Your objective - Scan the records below for the line containing "最後は、表彰です。作文や図画" and the line containing "A foto obtida". Copy both, plus every line between, exactly.

Records for this exercise -
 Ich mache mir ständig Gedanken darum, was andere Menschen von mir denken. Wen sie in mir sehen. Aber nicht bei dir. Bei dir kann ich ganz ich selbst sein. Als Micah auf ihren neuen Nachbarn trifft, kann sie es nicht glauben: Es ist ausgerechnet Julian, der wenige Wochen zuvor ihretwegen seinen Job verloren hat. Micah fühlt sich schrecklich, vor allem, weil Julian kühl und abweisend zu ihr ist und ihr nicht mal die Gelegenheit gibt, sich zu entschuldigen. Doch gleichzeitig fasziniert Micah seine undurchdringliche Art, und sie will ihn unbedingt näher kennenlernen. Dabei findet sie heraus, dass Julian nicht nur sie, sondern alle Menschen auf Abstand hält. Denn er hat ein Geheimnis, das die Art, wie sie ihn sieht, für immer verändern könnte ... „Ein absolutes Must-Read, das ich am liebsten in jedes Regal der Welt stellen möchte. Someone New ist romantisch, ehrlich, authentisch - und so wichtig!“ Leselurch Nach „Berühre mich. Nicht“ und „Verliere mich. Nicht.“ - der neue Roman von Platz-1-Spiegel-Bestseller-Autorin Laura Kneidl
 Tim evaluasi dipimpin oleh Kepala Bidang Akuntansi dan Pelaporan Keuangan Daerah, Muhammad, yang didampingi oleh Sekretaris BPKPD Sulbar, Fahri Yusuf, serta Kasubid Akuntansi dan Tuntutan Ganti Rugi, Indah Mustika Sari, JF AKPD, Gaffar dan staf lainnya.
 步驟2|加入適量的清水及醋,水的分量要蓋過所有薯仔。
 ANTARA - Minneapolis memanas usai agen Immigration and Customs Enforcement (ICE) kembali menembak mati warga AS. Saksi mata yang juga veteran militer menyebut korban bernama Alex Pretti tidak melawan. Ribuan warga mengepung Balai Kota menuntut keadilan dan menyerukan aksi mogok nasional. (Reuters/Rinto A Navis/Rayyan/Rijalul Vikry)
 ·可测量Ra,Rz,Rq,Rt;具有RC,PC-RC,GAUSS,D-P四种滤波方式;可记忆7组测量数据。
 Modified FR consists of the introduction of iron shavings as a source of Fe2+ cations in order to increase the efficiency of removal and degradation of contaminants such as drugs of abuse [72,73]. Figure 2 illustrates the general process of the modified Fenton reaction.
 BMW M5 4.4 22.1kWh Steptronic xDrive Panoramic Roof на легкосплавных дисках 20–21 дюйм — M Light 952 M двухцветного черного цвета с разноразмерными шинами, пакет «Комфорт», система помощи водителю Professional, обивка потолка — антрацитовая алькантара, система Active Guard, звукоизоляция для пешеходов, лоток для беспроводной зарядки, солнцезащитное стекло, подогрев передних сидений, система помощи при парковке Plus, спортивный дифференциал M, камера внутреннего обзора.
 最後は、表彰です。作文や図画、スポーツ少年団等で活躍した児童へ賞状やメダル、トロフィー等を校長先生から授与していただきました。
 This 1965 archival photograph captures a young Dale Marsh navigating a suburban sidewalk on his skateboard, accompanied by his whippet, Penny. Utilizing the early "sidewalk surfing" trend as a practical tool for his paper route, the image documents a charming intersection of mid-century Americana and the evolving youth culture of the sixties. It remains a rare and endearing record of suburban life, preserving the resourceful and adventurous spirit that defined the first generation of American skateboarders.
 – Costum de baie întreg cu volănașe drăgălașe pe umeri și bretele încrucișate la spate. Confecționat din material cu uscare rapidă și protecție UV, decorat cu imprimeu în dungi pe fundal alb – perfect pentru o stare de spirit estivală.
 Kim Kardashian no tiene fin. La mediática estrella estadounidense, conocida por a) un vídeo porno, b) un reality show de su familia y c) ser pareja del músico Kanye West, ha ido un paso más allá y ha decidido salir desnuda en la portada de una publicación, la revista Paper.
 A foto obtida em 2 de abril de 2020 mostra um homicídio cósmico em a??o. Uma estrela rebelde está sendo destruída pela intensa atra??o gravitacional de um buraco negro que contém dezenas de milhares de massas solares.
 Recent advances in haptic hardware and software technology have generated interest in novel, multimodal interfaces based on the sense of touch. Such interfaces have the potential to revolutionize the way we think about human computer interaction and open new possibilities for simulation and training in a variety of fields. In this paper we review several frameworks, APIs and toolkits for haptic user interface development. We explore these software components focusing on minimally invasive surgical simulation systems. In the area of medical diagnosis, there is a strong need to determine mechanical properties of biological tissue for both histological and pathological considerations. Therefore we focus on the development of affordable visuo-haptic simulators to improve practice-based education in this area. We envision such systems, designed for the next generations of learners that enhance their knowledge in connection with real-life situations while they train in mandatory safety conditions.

Answer space -
 最後は、表彰です。作文や図画、スポーツ少年団等で活躍した児童へ賞状やメダル、トロフィー等を校長先生から授与していただきました。
 This 1965 archival photograph captures a young Dale Marsh navigating a suburban sidewalk on his skateboard, accompanied by his whippet, Penny. Utilizing the early "sidewalk surfing" trend as a practical tool for his paper route, the image documents a charming intersection of mid-century Americana and the evolving youth culture of the sixties. It remains a rare and endearing record of suburban life, preserving the resourceful and adventurous spirit that defined the first generation of American skateboarders.
 – Costum de baie întreg cu volănașe drăgălașe pe umeri și bretele încrucișate la spate. Confecționat din material cu uscare rapidă și protecție UV, decorat cu imprimeu în dungi pe fundal alb – perfect pentru o stare de spirit estivală.
 Kim Kardashian no tiene fin. La mediática estrella estadounidense, conocida por a) un vídeo porno, b) un reality show de su familia y c) ser pareja del músico Kanye West, ha ido un paso más allá y ha decidido salir desnuda en la portada de una publicación, la revista Paper.
 A foto obtida em 2 de abril de 2020 mostra um homicídio cósmico em a??o. Uma estrela rebelde está sendo destruída pela intensa atra??o gravitacional de um buraco negro que contém dezenas de milhares de massas solares.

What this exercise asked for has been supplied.